The Edward Ingersoll Browne Fund

The George B. Henderson Foundation

Berklee College of Music

Mike Meskin

Mission Hill/Fenway Neighborhood Trust, Inc.

Northeastern University

The Euler-Abusheleih Family

The Hamilton Company Charitable Foundation

The First Church of Christ, Scientist

Linda Brown and Albert Blangio

Bill Richardson and Lauren Dever

The Fenway Park Demonstration Project community benefits fund

 

 

About Jacob Kulin:

 

Jacob Kulin is an accomplished sculptor, metalsmith and furniture maker. A graduate of Skidmore College, Kulin received a Master of Fine Arts degree from Cranbrook Academy of Art. Today, he works on private, corporate and public commissions internationally ranging from smaller residential pieces to grand outdoor sculptures for commercial and public spaces.

As a Boston-based sculptor of Danish heritage, Kulin’s longstanding admiration for Scandinavian design has influenced his creative pursuits. The interplay of materials like steel, bronze, glass, and granite, remain a primary focus in his work, incorporating precise fabrication, attention to detail, and a melding of materials. Kulin strives to integrate the perfection of nature into most of his works and feels a deep-rooted connection to natural forms.

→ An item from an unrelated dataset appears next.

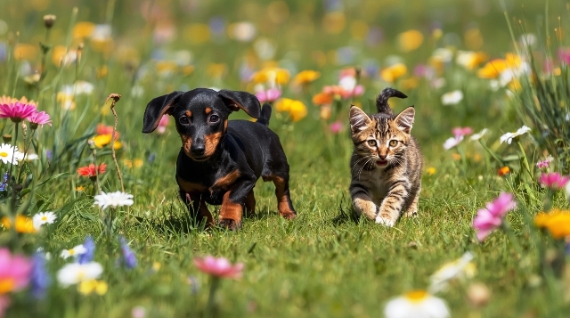 Солнце стояло высоко, и луг звенел от жужжания и стрекота. Дружок прыгал по траве, стараясь догнать свой хвост, а Васечка внимательно рассматривал каждый стебелёк — ему нравилось находить маленькие тайны большого мира.

He believes a finished artwork must compliment a space, engage the viewer and leave a lasting impression.

Kulin’s accomplishments range from sculptures for clients such as Royal Caribbean Cruise Lines and Viking River Cruises to corporate works for Wellington Management, Palomar Medical Tech and AstraZeneca Corporation. Most recently, Kulin completed a large public sculpture for the Massachusetts Port Authority at Boston Logan International Airport. His approach to public sculpture begins by understanding the desires of the client and having collaborative dialog with all agencies involved. He enjoys the process of learning about the space for which a sculpture is intended in order to fully understand and predict the visual and physical impact of the design.

 

About the Friends of Symphony Park:

 

The Friends of Symphony Park are an all-volunteer organization, dedicated to the maintenance of Symphony Community Park in the East Fenway. Their work has mobilized the capital restoration of the park, spearheaded a musically themed artwork, and facilitated 6 years of free park programs for residents and visitors. Symphony Park is located at the corner of Edgerly Road and Norway Street in Boston's East Fenway neighborhood.